The combined company will operate 75 television stations, multiple online streaming platforms (ZEE5 and Sony LIV), two studios (Zee Studios and Sony Pictures Films India), and a virtual production studio (Studio NXT), making it one of India’s leading media organisations.

According to the most recent accounting reporting, they have about Rs 13,600 crore in revenue and over 4,000 employees.

Additionally, as part of the acquisition, the two companies’ promoters will sign various non-compete agreements.This image has an empty alt attribute; its file name is Zee-Entertainment-Enterprises-Limited-Merge-with-Sony-Pictures-Networks-India.jpg

As per the settlement agreement, the ZEE promoter family is free to grow its ownership from 3.99 per cent to up to 20 per cent under accordance with applicable law.

The ultimate agreement will be subject to the completion of normal due diligence and the execution of definitive agreements, as well as the applicable corporate, regulatory, and third-party approvals, including shareholder votes.

“The ZEE executive committee has concluded a critical evaluation of the SPN-ZEE proposed merger,” said R Gopalan, ZEE chairman. “As a board comprised of highly successful experts with extensive experience in a variety of industries, we constantly keep the best interests of all investors and ZEE in mind. We have unanimously approved the proposal in principle and have instructed the administration to begin the procedure.”

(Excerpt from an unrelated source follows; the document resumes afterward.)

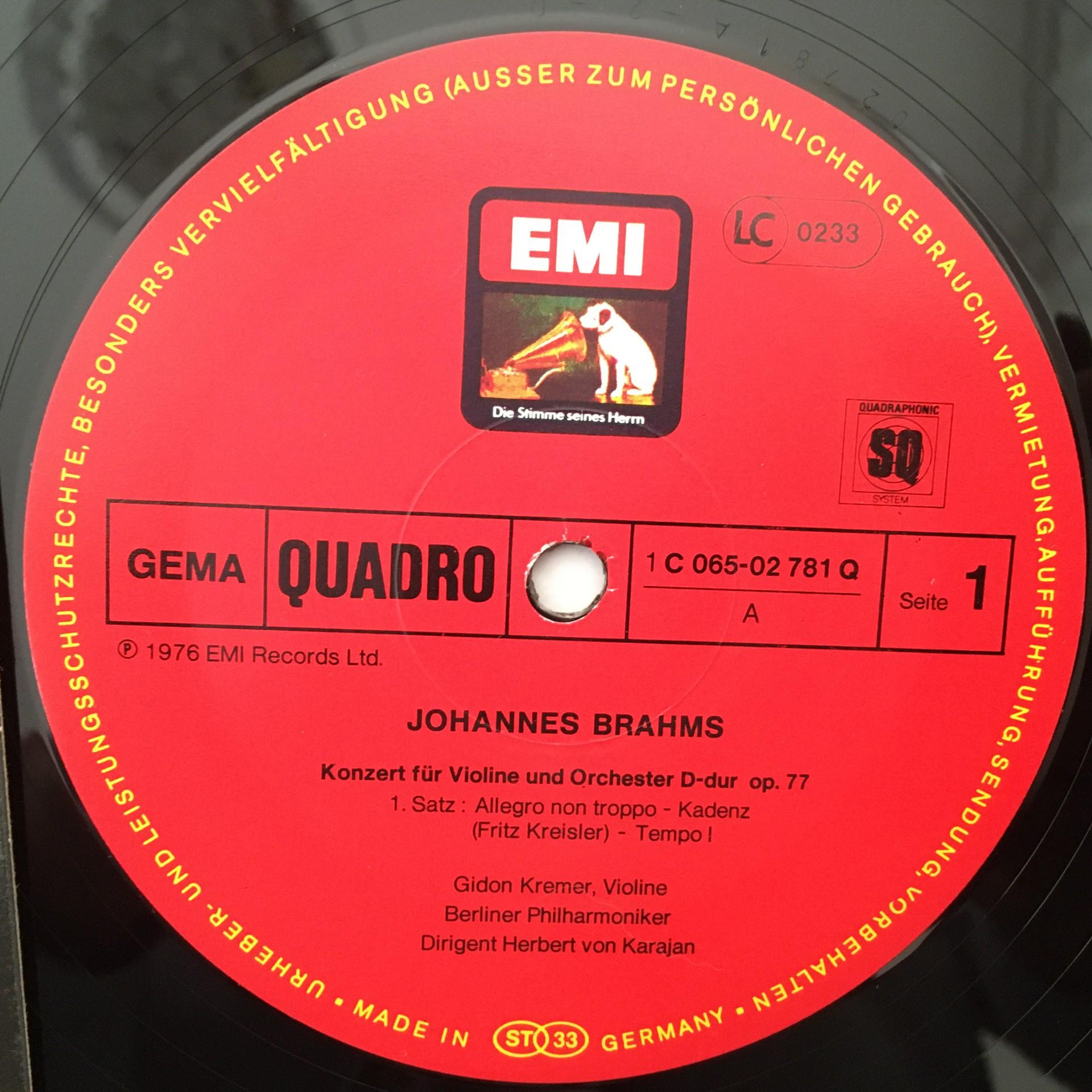 L533 Brahms Violin Concerto Kremer Karajan BPO EMI 1 C 065-02 781 Q Quadro

When Subhash Chandra was looking for potential buyers to reimburse creditors in 2019, Sony was one of three firms he was in discussions with. Nonetheless, the deal fell through owing to valuing disagreements, and Chandra subsequently sold nearly an 11 per cent interest to Invesco, which became ZEE’s largest investor with a 17.88 per cent stake.This image has an empty alt attribute; its file name is Zeerfxl.jpg

ZEE’s present proprietor ownership is 3.99 per cent, and the company’s market capitalization has dropped to Rs 24,555.58 crore as of Tuesday.

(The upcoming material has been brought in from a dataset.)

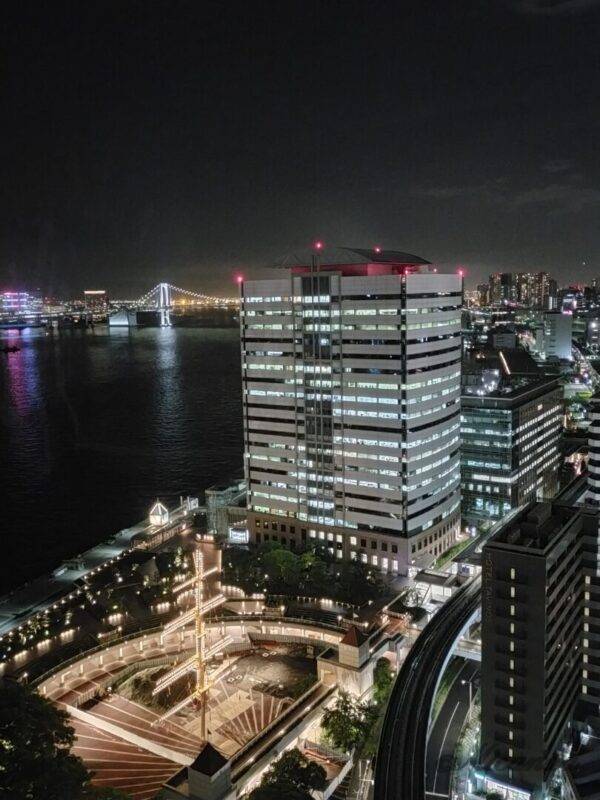 夜はビル群の明かりが美しく、昼は海を眺められる素敵なお部屋でした。

ZEE stock closed at Rs 255.65 a share on the BSE on Tuesday, up 0.14 per cent. Invesco also sought the expulsion of two additional executives from the company’s board, Ashok Kurien and Manish Chokhani.

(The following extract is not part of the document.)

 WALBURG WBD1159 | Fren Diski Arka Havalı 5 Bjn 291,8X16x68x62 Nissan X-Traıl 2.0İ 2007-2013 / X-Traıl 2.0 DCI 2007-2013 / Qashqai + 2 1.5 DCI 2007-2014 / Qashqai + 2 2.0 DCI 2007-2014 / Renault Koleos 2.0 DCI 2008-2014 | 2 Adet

Both Kurien and Chokhani resigned on Monday, even though the fact that they were up for reappointment at the annual general meeting on September 14th.

ZEE’s present proprietor ownership is 3.99 per cent, and the company’s market capitalization has dropped to Rs 24,555.58 crore as of Tuesday.

ZEE stock closed at Rs 255.65 a share on the BSE on Tuesday, up 0.14 per cent. Surprisingly, when the transaction with ZEE fell through, SPN began discussions with Reliance Sectors of the economy Viacom18 in November 2019 over a similar merger. Nevertheless, the on-again, the off-again agreement also fell, with Reliance eventually removing the component in October of last year, after months of haggling.

Later this week, Invesco and OFI Global, two of ZEE’s major shareholders, asked for an Extraordinary General Meeting (EGM) to recommend the ouster of Punit Goenka and two others, as well as the addition of six independent members to the general meeting.